** Opening DATA LISTING block **

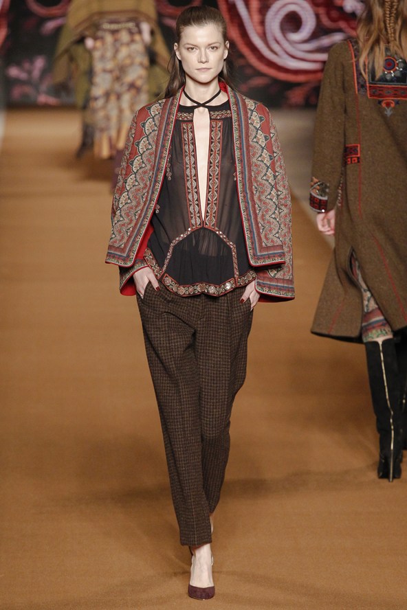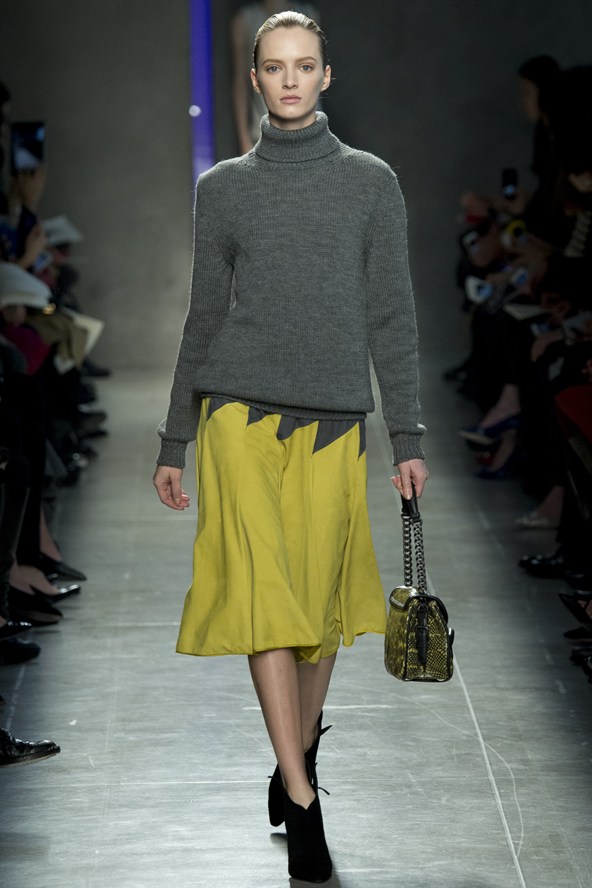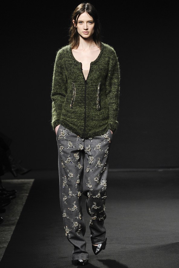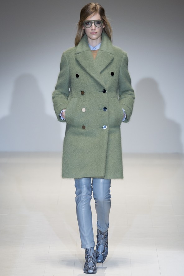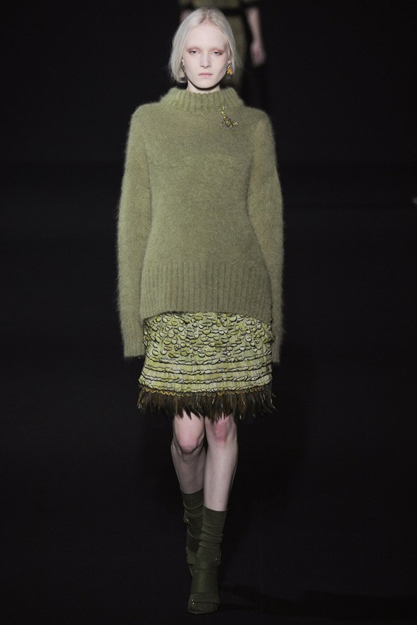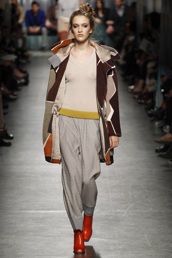 من جهته مزج جورجيو ارماني أقمشة لينة باللون الرمادي مع الأخضر لنظرة شبابية في مجموعة الخريف والشتاء .و عرض ارماني سراويل واسعة باللون الرمادي تصل إلى منتصف الساق أو إلى الكاحل وسراويل أخرى ضيقة بلمحة من اللون الأخضر وسراويل قصيرة سوداء واسعة تشبه التنورات. وارتدت العارضات سترات واسعة بنقوش تشبه جلود الزواحف يصل طولها إلى الخصر مع سراويل قصيرة واسعة وأحذية ذات رقاب طويلة.
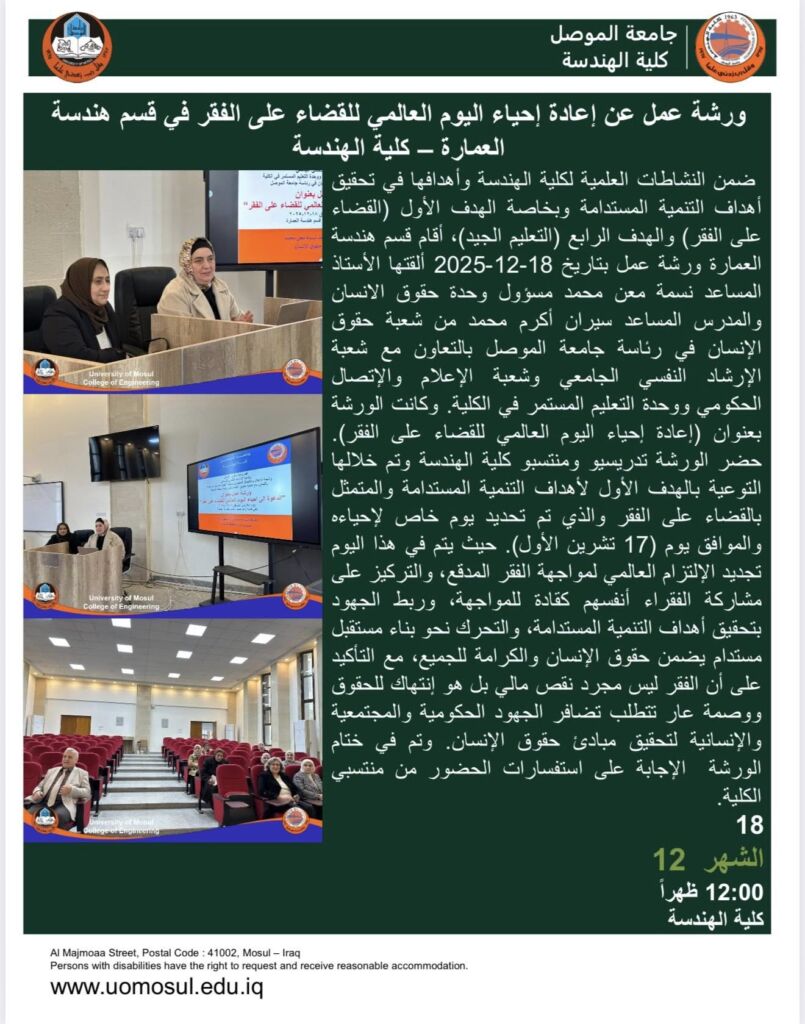 ضمن النشاطات الثقافية لكلية الهندسة بجامعة الموصل، وفي إطار سعيها لتحقيق أهداف التنمية المستدامة، ولا سيما الهدف الرابع “ التعليم الجيد“ وبالتعاون مع (رئاسة جامعة الموصل) قسم الدراسات والتخطيط – وحدة التنمية المستدامة، شاركت وحدة النشاطات الثقافية في كلية الهندسة في اليوم العالمي للغة العربية الذي نظمته جامعة الموصل يوم الخميس الموافق 18كانون الاول 2025 في قاعة المسرح الكبير (قاعة الدكتور محمود الجليلي) في تمام الساعة العاشرة صباحا.
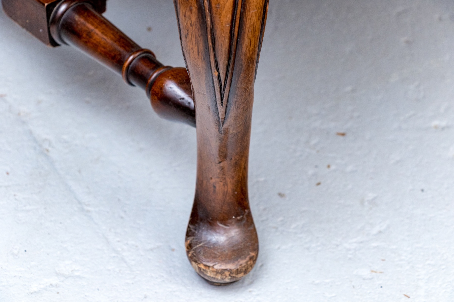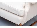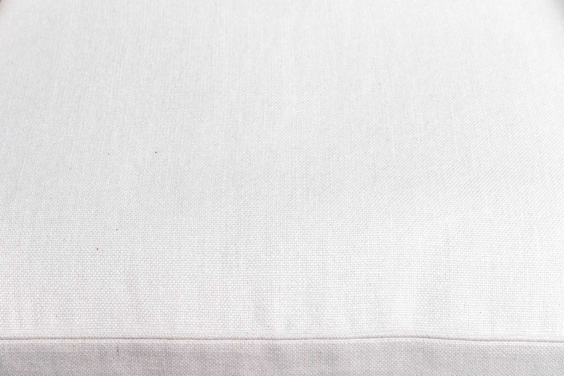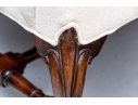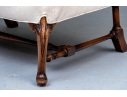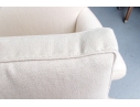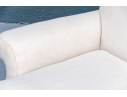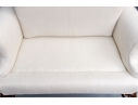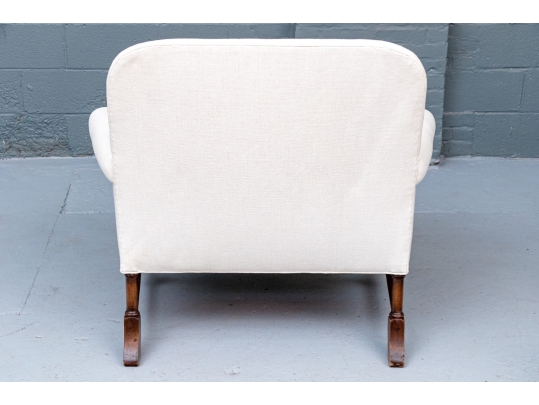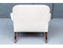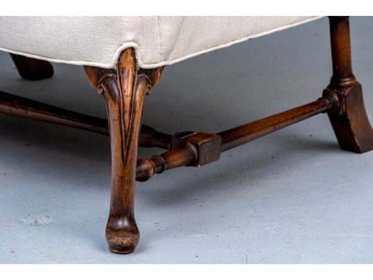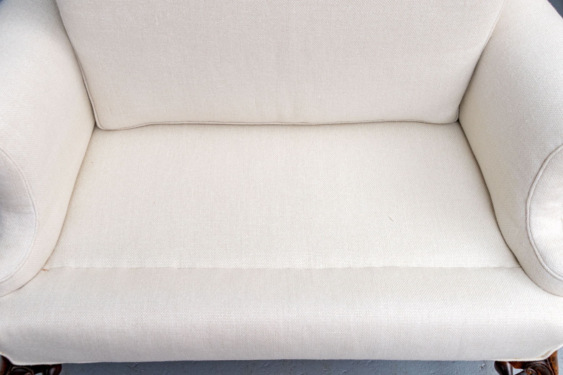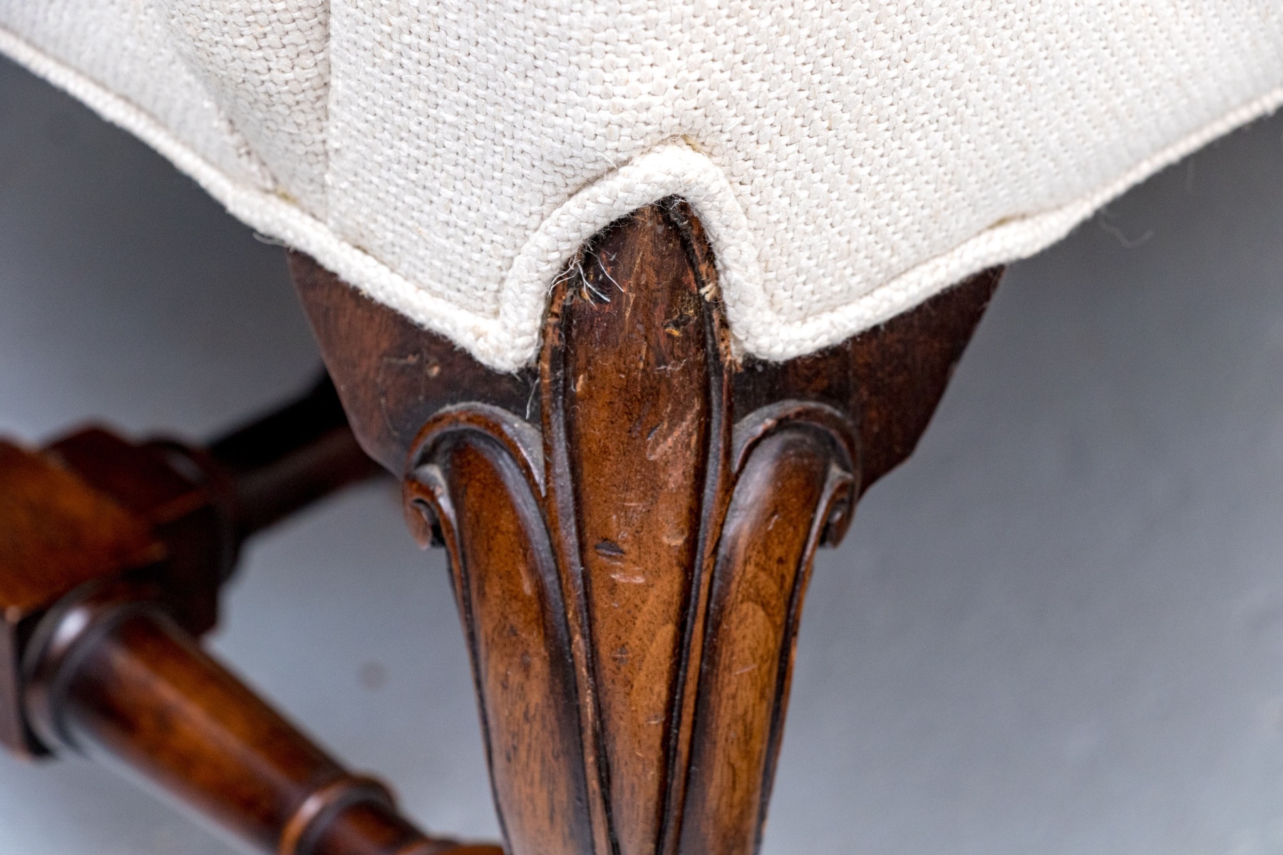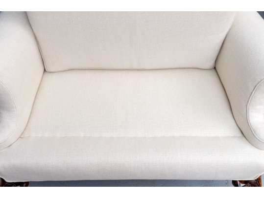 Pair of fine quality chairs and a half with curved back, rolled arms, piped seams throughout, loose pillow seat, tight back and upholstered in a creamy white woven fabric. The chairs with turned H-form stretcher and resting on carved front cabriole legs and shaped back feet.
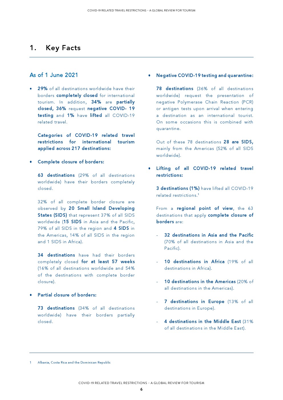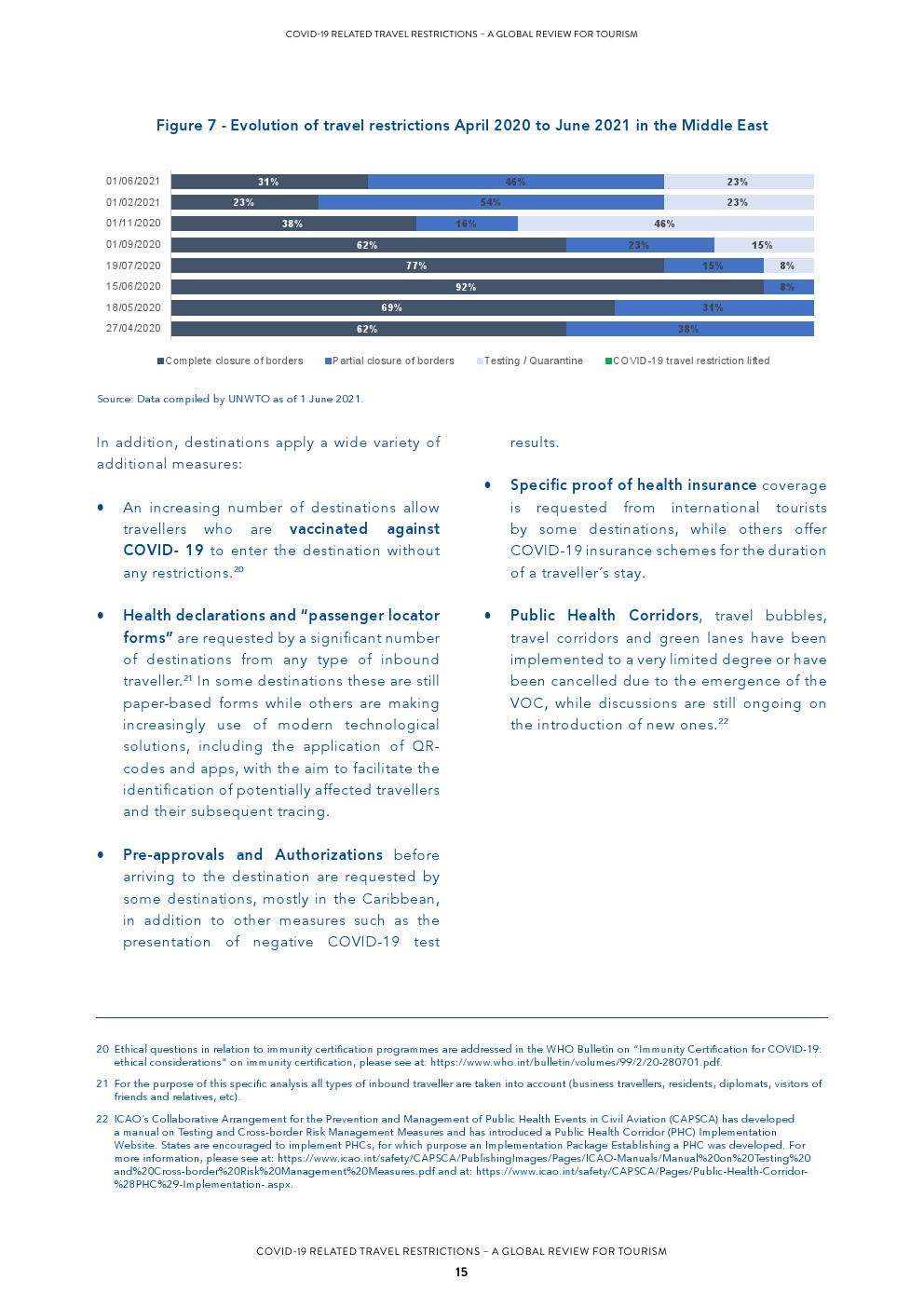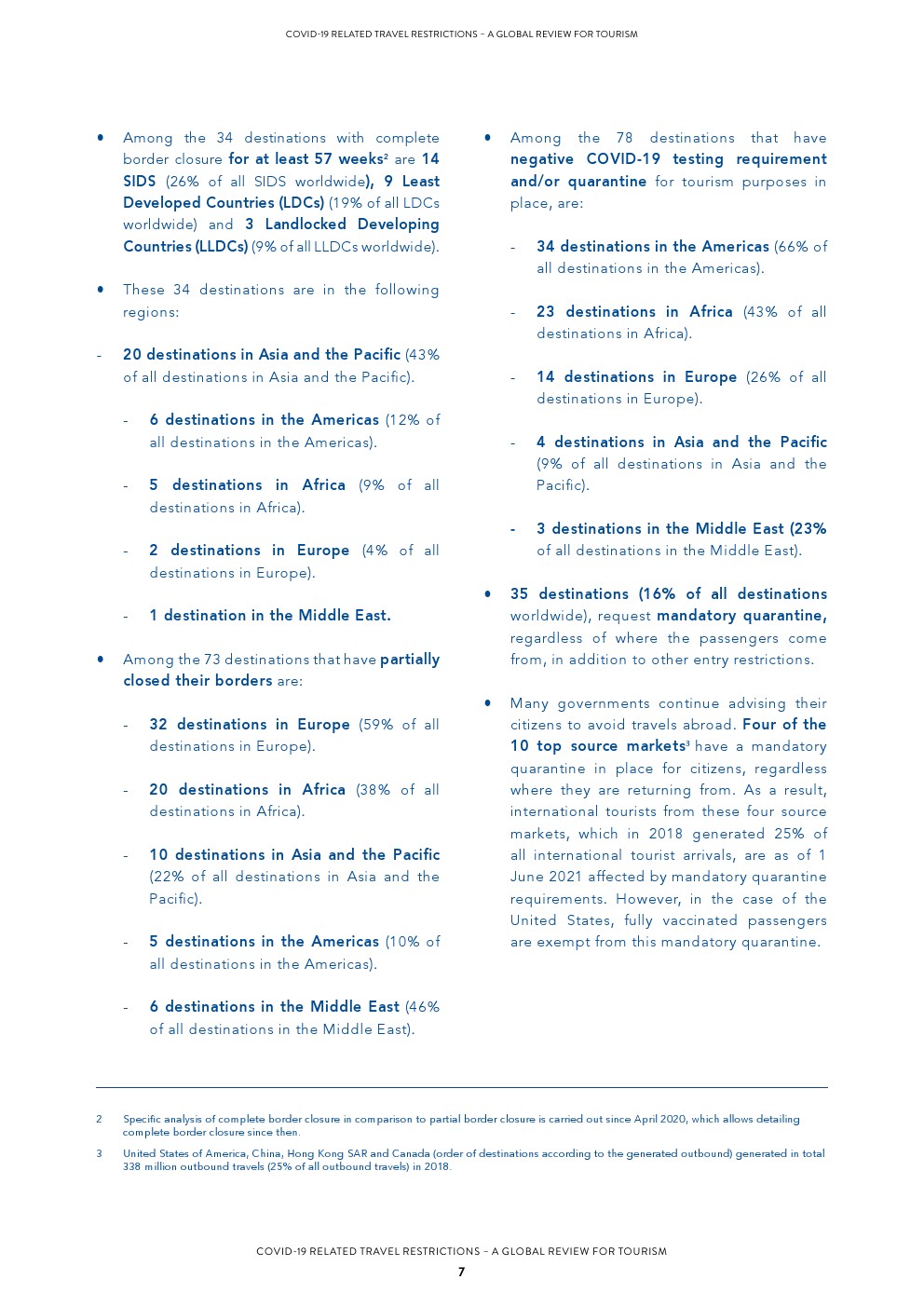 世界旅游组织发布了“2021年7月全球旅游报告—COVID – 19 相关旅行限制”。自世卫组织于2020年1月31日宣布新冠疫情为国际性公共卫生突发事件(PHEIC)。自2020年3月11日宣布疫情以来,各国政府采取的公共卫生措施对社会、经济和旅游业造成了前所未有的影响。
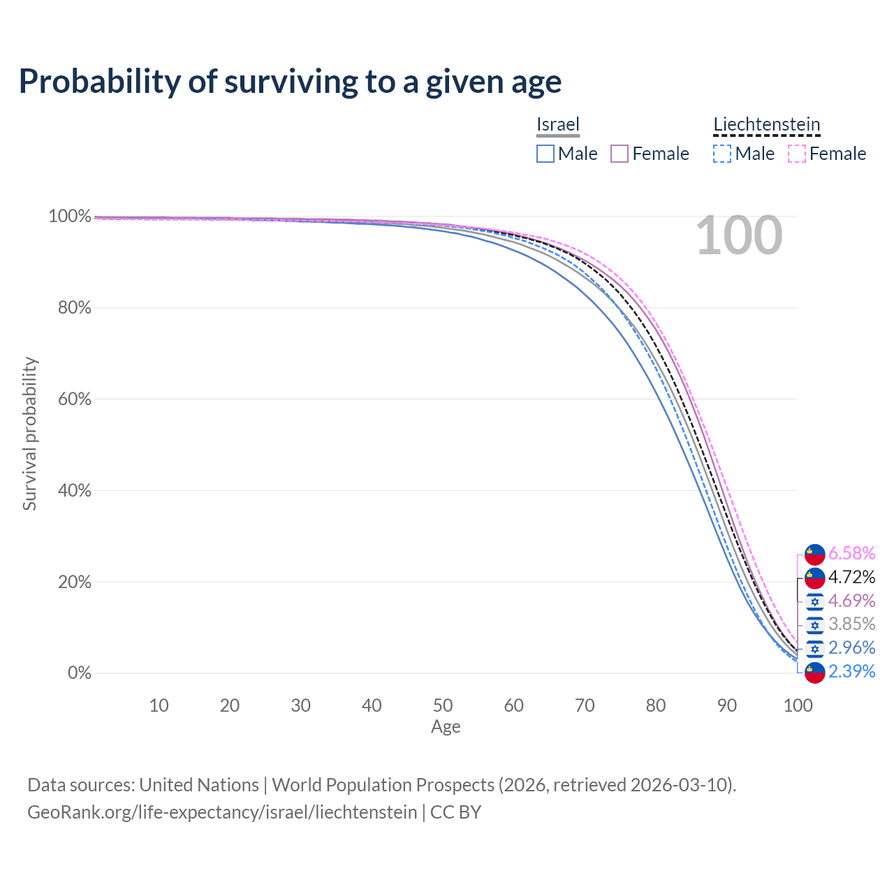 This life expectancy calculator shows the odds of living to 100, 95, 90, and below based on current age for both males and females in Israel and Liechtenstein, along with mean and median age of death. The calculations are based on the 2026 life tables (actuarial tables) from the UN World Population Prospects.

** Closing DATA LISTING block **

Leaving out any images, restate every record word for word.

 من جهته مزج جورجيو ارماني أقمشة لينة باللون الرمادي مع الأخضر لنظرة شبابية في مجموعة الخريف والشتاء .و عرض ارماني سراويل واسعة باللون الرمادي تصل إلى منتصف الساق أو إلى الكاحل وسراويل أخرى ضيقة بلمحة من اللون الأخضر وسراويل قصيرة سوداء واسعة تشبه التنورات. وارتدت العارضات سترات واسعة بنقوش تشبه جلود الزواحف يصل طولها إلى الخصر مع سراويل قصيرة واسعة وأحذية ذات رقاب طويلة.
 ضمن النشاطات الثقافية لكلية الهندسة بجامعة الموصل، وفي إطار سعيها لتحقيق أهداف التنمية المستدامة، ولا سيما الهدف الرابع “ التعليم الجيد“ وبالتعاون مع (رئاسة جامعة الموصل) قسم الدراسات والتخطيط – وحدة التنمية المستدامة، شاركت وحدة النشاطات الثقافية في كلية الهندسة في اليوم العالمي للغة العربية الذي نظمته جامعة الموصل يوم الخميس الموافق 18كانون الاول 2025 في قاعة المسرح الكبير (قاعة الدكتور محمود الجليلي) في تمام الساعة العاشرة صباحا.
 Pair of fine quality chairs and a half with curved back, rolled arms, piped seams throughout, loose pillow seat, tight back and upholstered in a creamy white woven fabric. The chairs with turned H-form stretcher and resting on carved front cabriole legs and shaped back feet.
 世界旅游组织发布了“2021年7月全球旅游报告—COVID – 19 相关旅行限制”。自世卫组织于2020年1月31日宣布新冠疫情为国际性公共卫生突发事件(PHEIC)。自2020年3月11日宣布疫情以来,各国政府采取的公共卫生措施对社会、经济和旅游业造成了前所未有的影响。
 This life expectancy calculator shows the odds of living to 100, 95, 90, and below based on current age for both males and females in Israel and Liechtenstein, along with mean and median age of death. The calculations are based on the 2026 life tables (actuarial tables) from the UN World Population Prospects.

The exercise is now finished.